Published
November 2, 2025
Methods and Diagnostics
Two research papers from Google and DeepSeek landed in October from completely different domains. One processes speech, the other processes documents. Neither bothers converting anything to text first. This exposes something fundamental about how we have been training perception systems for decades.
Published
November 2, 2025
Reading time
6 min read
Author
Fadi Labib

Two research papers landed this month from completely different domains. Google's Speech-to-Retrieval (S2R) processes voice queries. DeepSeek-OCR processes document images.
At first, I assumed they had nothing in common. But the deeper I went, the pattern became obvious: both skip the traditional step of converting information into text.
This isn't just an optimization trick. It exposes something fundamental about how we have been training perception systems.

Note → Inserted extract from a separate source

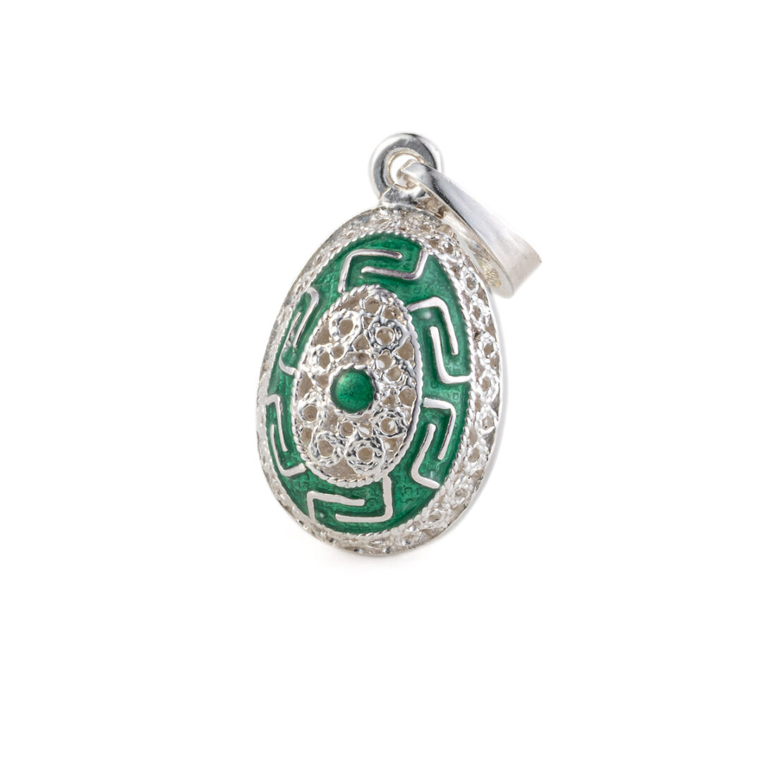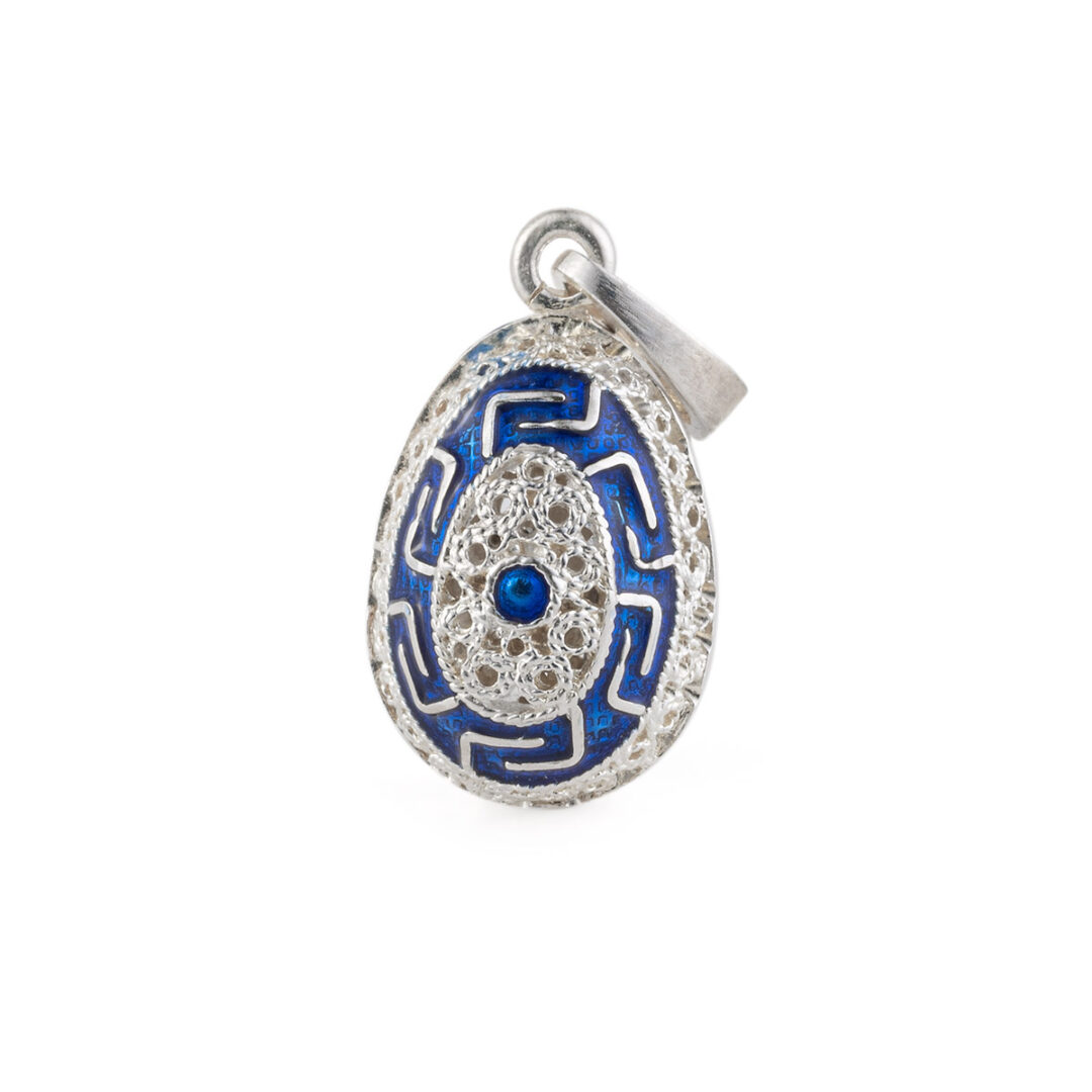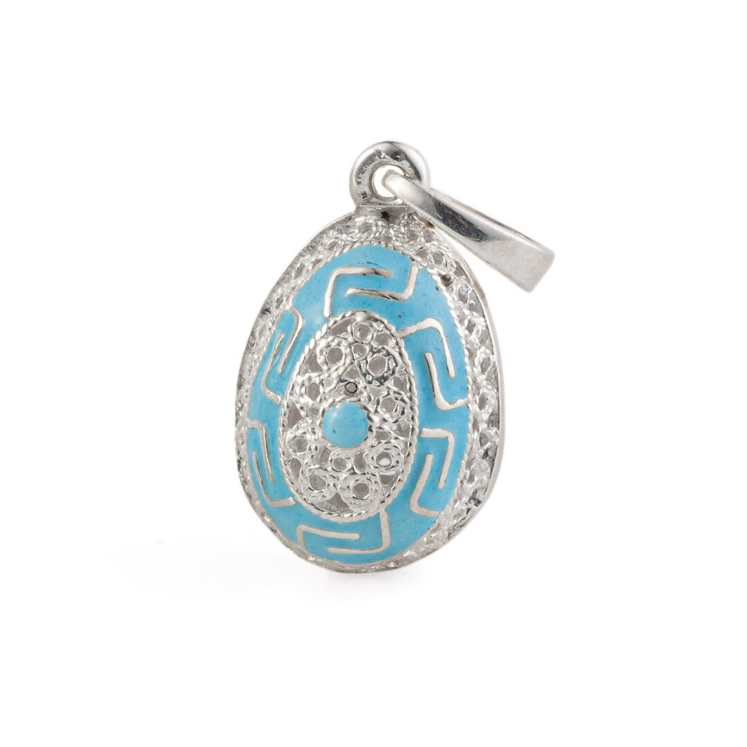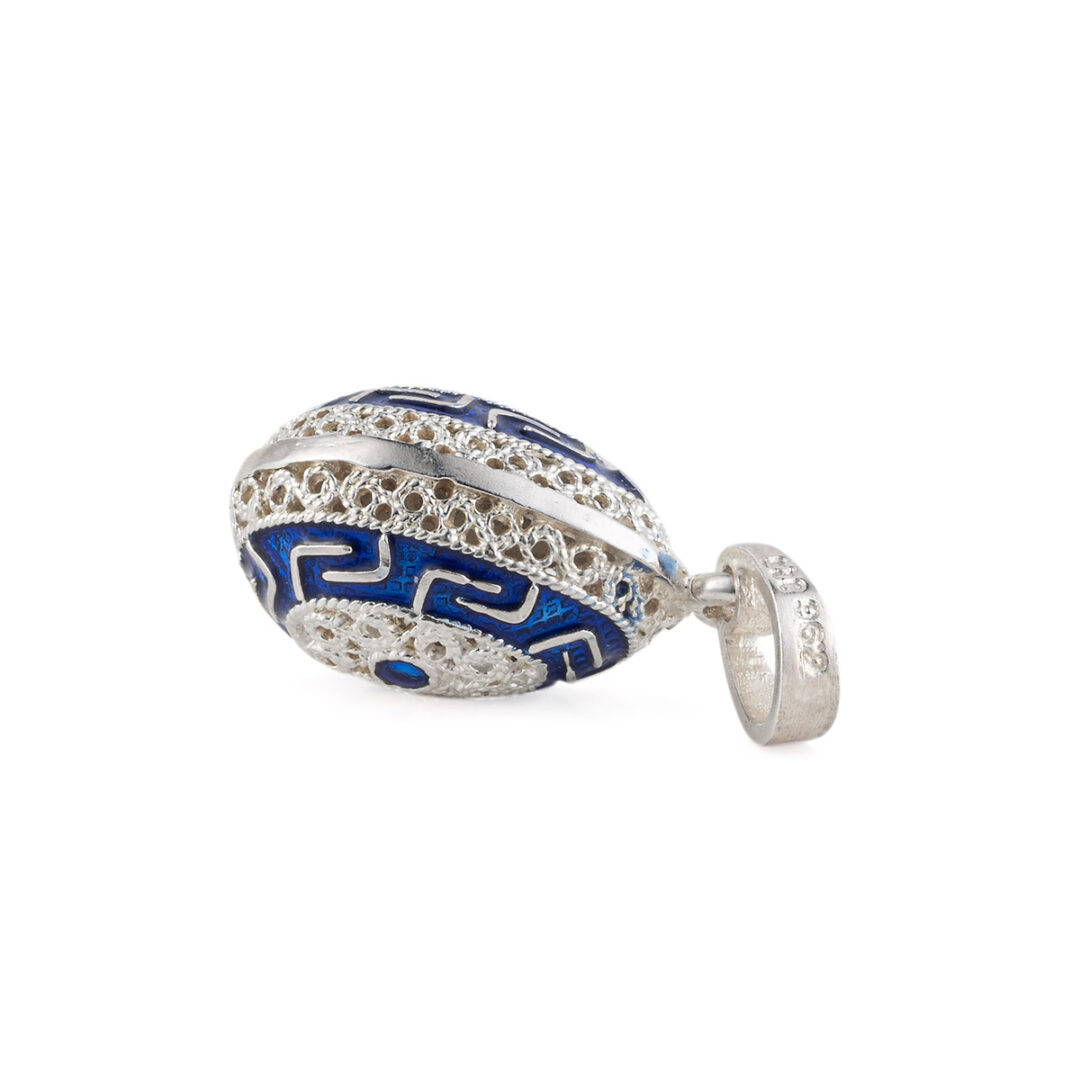 Greek Key Egg Enamel Pendant Necklace – 925 Sterling Silver

Most AI systems we use today still depend on one old assumption: "To understand something, we must first turn it into text."
The traditional pipelines look like this:
We built these systems this way because natural language processing dominated AI research for decades. When we needed machines to handle images or audio, we simply added conversion layers. Text became the universal interface because that's where our tools worked.
But humans don't transcribe the world before understanding it. We perceive meaning directly.
Natural language processing had working solutions early. We could analyze text, extract information, and build search engines. When speech recognition and computer vision matured enough to be useful, the logical approach seemed obvious: convert everything to text, then use our existing text tools.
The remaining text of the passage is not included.